Published online by Cambridge University Press: 28 January 2012
Historical fiction, “heritage” fiction: a survey
A renewal of the genre of historical fiction has been a defining aspect of literary production since the appearance of John Fowles's The French Lieutenant's Woman in 1969. Fowles's reimagining of nineteenth-century history and the Victorian novel heralded a range of new fictions covering multiple historical eras. This flourishing of the historical genre, besides complementing critical theory and self-conscious historiography, contributed to the reorientation of imperial history by postcolonial writers, particularly after the success of Salman Rushdie's Midnight's Children in 1981.

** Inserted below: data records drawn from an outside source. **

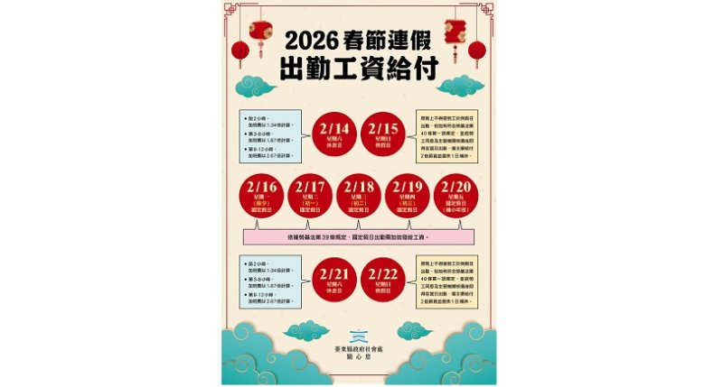 縣府將持續透過多元宣導管道,協助事業單位與勞工朋友正確認識假別及工資規定,並適時提供諮詢與輔導服務。如對春節出勤安排、補假方式或工資給付計算仍有疑問,請於上班時間歡迎洽詢臺東縣政府社會處勞工行政諮詢專線(089-351834),由專人提供說明與協助,共同維護勞資雙方權益,營造安心、合法、和諧的勞動環境。
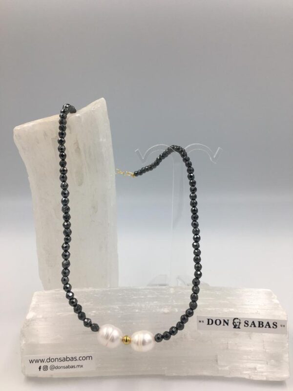 Collar de Hematita facetada con perla de río 10/11mm, broche chapa de oro.
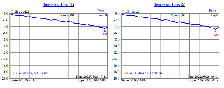 我們以ph0.5-51p-300lvds排線來說明。0.5x51x300xA兩面不貼復合鋁箔,測試結果如下圖(一),0.5x51x300xA單面貼復合鋁箔,測試結果如下圖(二)。

In light of a strong probability that the past attracts British novelists because it is grander than the post-imperial present, historical fiction appears to A. S. Byatt to be a way of turning away from the complexities of the contemporary world. This is a viewpoint that has been brought to bear upon Byatt's own writing and on that of others who use contemporary license to lay bare and exploit the past. Richard Bradford writes:
The notion of the past as an exciting, edifying point of contrast with the present is a mainstay of recent historical fiction but there is a factor that goes beyond this and which is evident in the work of [William] Boyd, [Adam] Thorpe, [Peter] Ackroyd, [Rose] Tremain et al., and it is this. Irrespective of gestures toward lost periods as independent worlds there is a prevailing … inclination among practitioners of the new historical novel toward lofty omniscience.